INSTRUCTIONS FOR THE TASK:
Nothing but the lines from the one with "大会最后,学院领导分别为荣获" through the final line of the entries should appear in the answer, copied exactly and without pictures.

***** DATA EXCERPTS *****

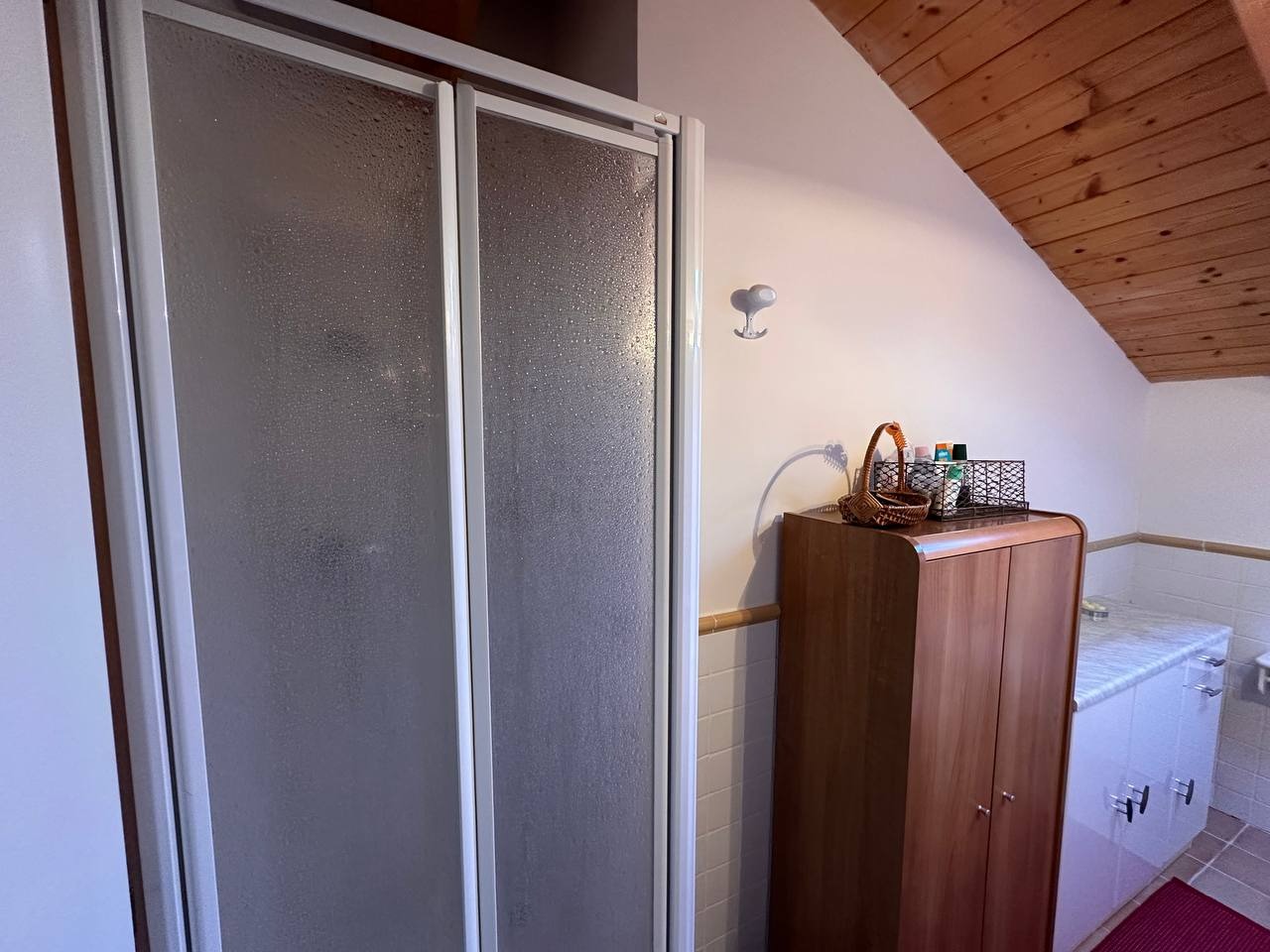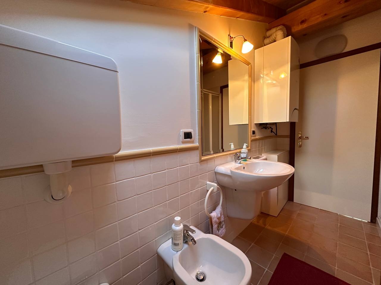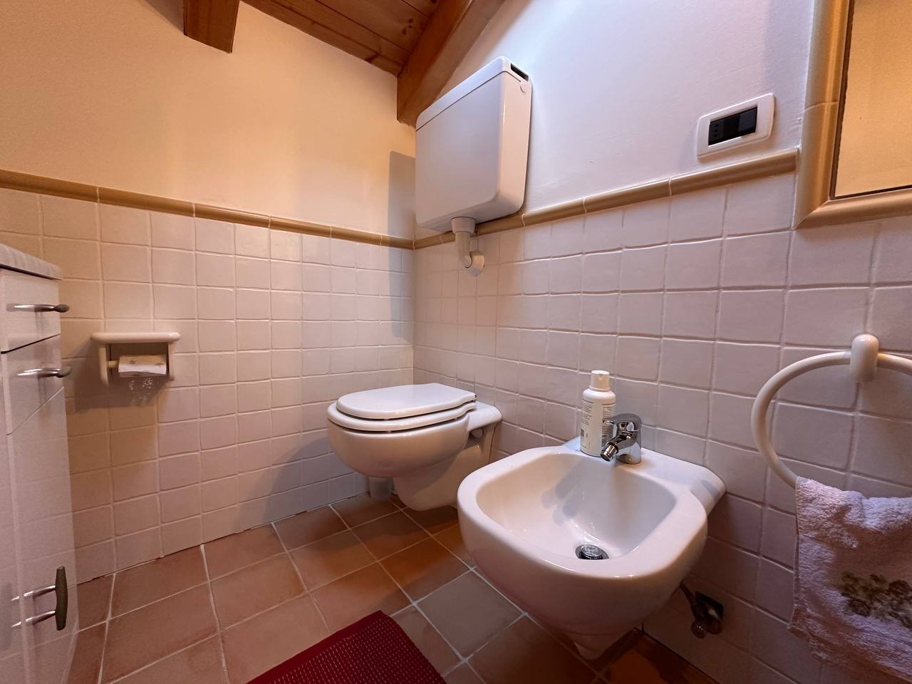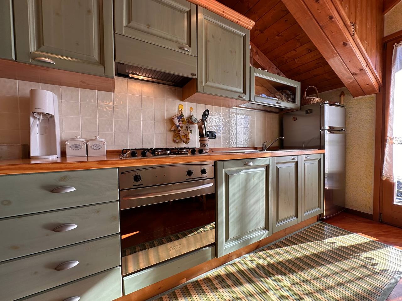 Dopo un ingresso indipendente l’immobile si apre su una luminosa zona giorno, impreziosita da un alto soffitto con travi a vista che regala calore e carattere all’ambiente. Da qui si accede a un ampio terrazzo panoramico esposto a sud con vista sulle montagne circostanti.
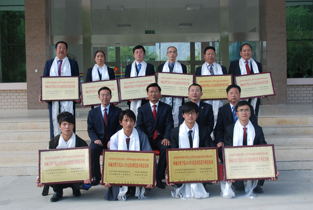 大会最后,学院领导分别为荣获2012年民族团结进步模范集体和模范个人颁奖,并与获奖集体和个人合影留念。
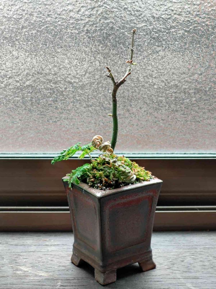 今年は途中で活力剤被害があり上手く葉が展開せずに落葉。しかし新しく小さな芽生えが見えるので枯れてはおりません。
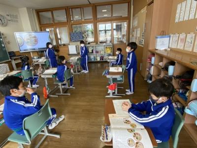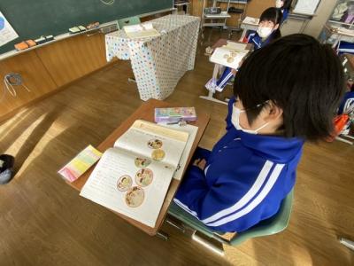 2021年1月28日 10時31分2年生道徳では、はたらくことの意味について学習しています。登場人物の気持ちについてお互いに意見を出し合って、深めていました。普段の掃除においてどんな気持ちだったか、振り返ることができました。
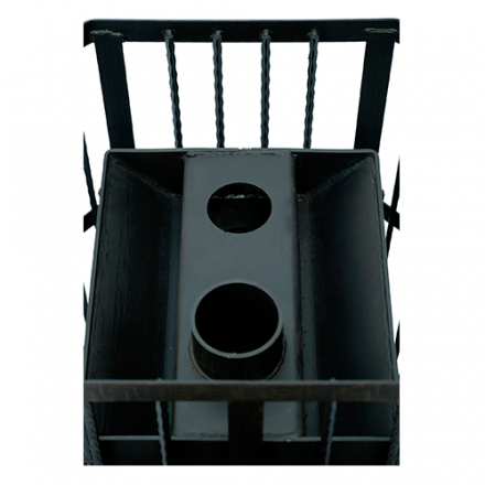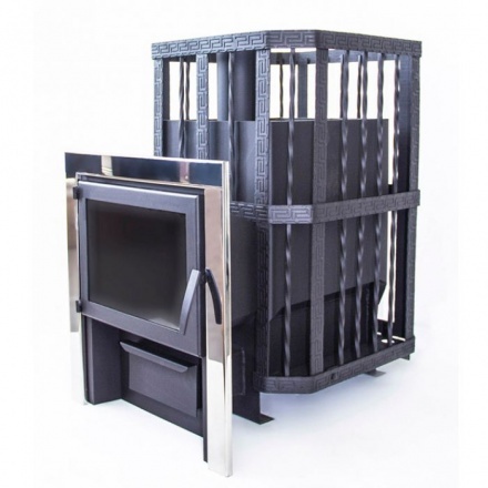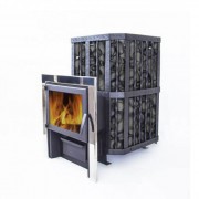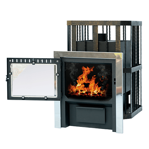 Отличительная черта данной печи заключается в объединении мощи металла и крепости камня. Печь доработана технологически, в нее внедрена система вторичного дожига отходящих газов, что позволяет сократить потери тепла при топке и увеличить скорость нагрева камней в печи.

*****

RESPONSE BELOW:
 大会最后,学院领导分别为荣获2012年民族团结进步模范集体和模范个人颁奖,并与获奖集体和个人合影留念。
 今年は途中で活力剤被害があり上手く葉が展開せずに落葉。しかし新しく小さな芽生えが見えるので枯れてはおりません。
 2021年1月28日 10時31分2年生道徳では、はたらくことの意味について学習しています。登場人物の気持ちについてお互いに意見を出し合って、深めていました。普段の掃除においてどんな気持ちだったか、振り返ることができました。
 Отличительная черта данной печи заключается в объединении мощи металла и крепости камня. Печь доработана технологически, в нее внедрена система вторичного дожига отходящих газов, что позволяет сократить потери тепла при топке и увеличить скорость нагрева камней в печи.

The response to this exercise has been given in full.